Sri Lanka Maldives investment banking partners work on US55mn in deals

Saturday 4 September 2010 15:18

Sri Lanka's Acuity and Millennium Capital Management (MCM) Holdings of Maldives is partnering to provide investment banking services in the archipelago with deals worth 55 million US dollars in the pipeline, officials said.
Acuity, a unit of Sri Lanka's listed DFCC Bank and Hatton National Bank is working with MCM Holdings initially to finance hotel sector firms in the tourist paradise, Acuity chief Ray Abeywardena said.

But he said there was potential in healthcare and education.

MCM Holdings chairman Mohamed Jaleel, a former state minister for finance and a governor of the Maldives Monetary Authority said a fully fledged investment banking service provider was needed by businesses in the archipelago for years.

"Maldives' economy is driven by the tourism," Jaleel said. "One of the first projects we will enter will be in tourism. We will find other potential areas in due course."

Shehan Cooray, who heads of Acuity's corporate finance division, said the partnership was working on a 15 million US dollar debt syndication for an undisclosed leisure firm and about 40 million dollars worth other deals were being looked at.

The firm was securitizing lease receivables from an investor who had sub-leased an island to an international hotel operator, he said.

Ahmed Adeeb, chief operating officer of Millennium Capital Management, the finance arm of MCM Holdings said there was renewed interest in hotel investment after the Maldivian government changed the terms of island leases.

State owned uninhabited islands were earlier leased for 25 years with large projects going up to 35 years.
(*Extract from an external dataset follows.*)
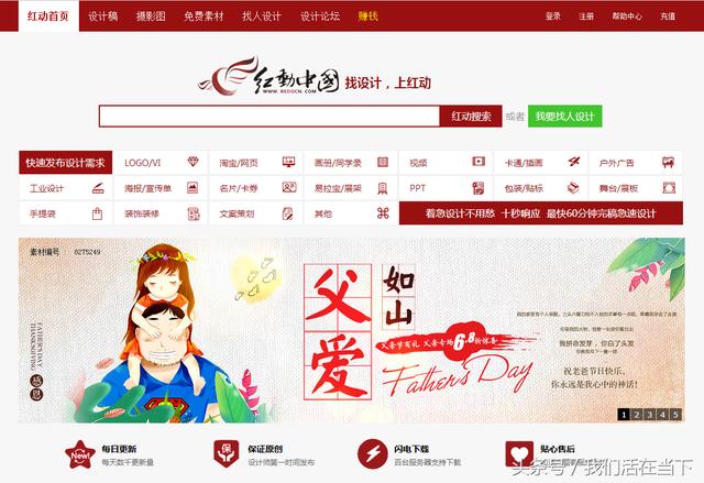 网站介绍:以“共享创造价值”为口号,专业的素材设计共享平台。提供各类素材,包括:图库、图片、摄影、设计、矢量、PSD、AI、CDR、EPS、图片下载、共享图库,等等。昵图网页面简洁经典,是大部分设计师下载素材的首选网站。因为是资源共享和交易平台,这里的素材都需要共享分或昵币,经典的设计素材还需要充值购买。 5.红动中国

But a new law passed in the parliament which is due to be ratified by the president shortly had extended the lease period up to 50 years.

"Companies that sells 55 percent of the stock to the public may be able to get leases up to 90 years, though the details are still not clear," he said.

Officials say there is potential for growth in the fledgling Maldivian capital market where so far only a handful of companies are listed and trading is not active.

As Maldives has freed its capital market its people were investing abroad including in the Colombo stock market.

Jaleel said a formal link with Acuity will also help Maldivians invest in Colombo more easily.

Such freedoms are still not available to Sri Lankan though current Central Bank governor Nivard Cabraal is planning to liberalize the capital account in stages.

Sri Lanka slapped draconian exchange controls on its people and made moving their hard earned savings to other markets a crime within three years of creating a money printing central bank.

Unlike Sri Lanka's central bank, the Maldives Monetary Authority has a strong record in keeping its currency strong and rarely prints money to cause 'foreign exchange shortages' and break the dollar peg with the Rufiyaa.

Sri Lanka's continuously depreciating currency and decades of deficit spending have made its citizens work as domestic servants in the Maldives.

However a sudden increase in civil service salaries ahead of the last presidential elections and a shortfall in revenue during a global downturn triggered central bank financing of the fiscal deficit, pushing the islands into an International Monetary Fund deal.